To explain this better, consider a simple test case. g is a function and expects a function as input. It will return the function evaluated at 4. If you supply a function f, all works as expected, but if you supply the return of a function, it would fail if the return is not itself a function, which can be evaluated.
def f(x):
return 3*x
def g(func):
return func(4)
g(f) # works as expected
g(f(2)) # throws TypeError: 'int' object is not callable
Case 3: You calling the function repeatedly with the same arguments
In the case of
anim = animation.FuncAnimation(fig, gameoflife, fargs=(w,h,grid))

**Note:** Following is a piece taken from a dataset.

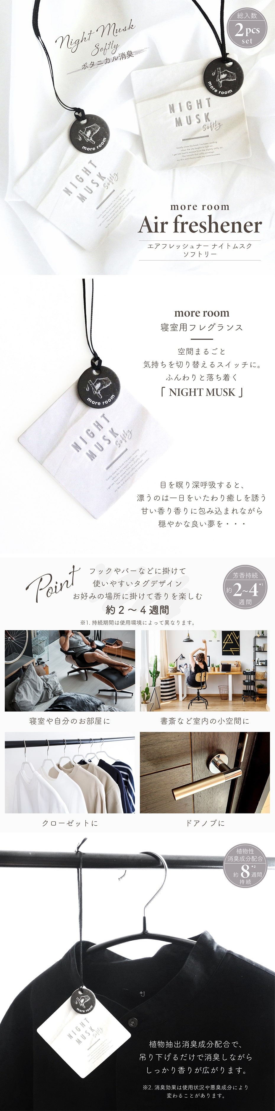 空間まるごと気持ちを切り替えるスイッチにふんわりと落ち着く寝室用フレグランス『NIGHT MUSK』シリーズから植物抽出消臭成分配合、吊り下げるだけで、 消臭しながらしっかり香りが広がる「エアーフレッシュナー」が登場。

you call the function gameoflife with the same initial arguments w,h,grid for each frame in the animation. Hence you get a static animation (the plot is animated, but each frame is the same, because the same arguments are used).
Conclusion. Stay with Case 1
Because case 1 is working fine, I don't know why not use it. A more elegant way would be to use a class and use class variables as e.g. in this question.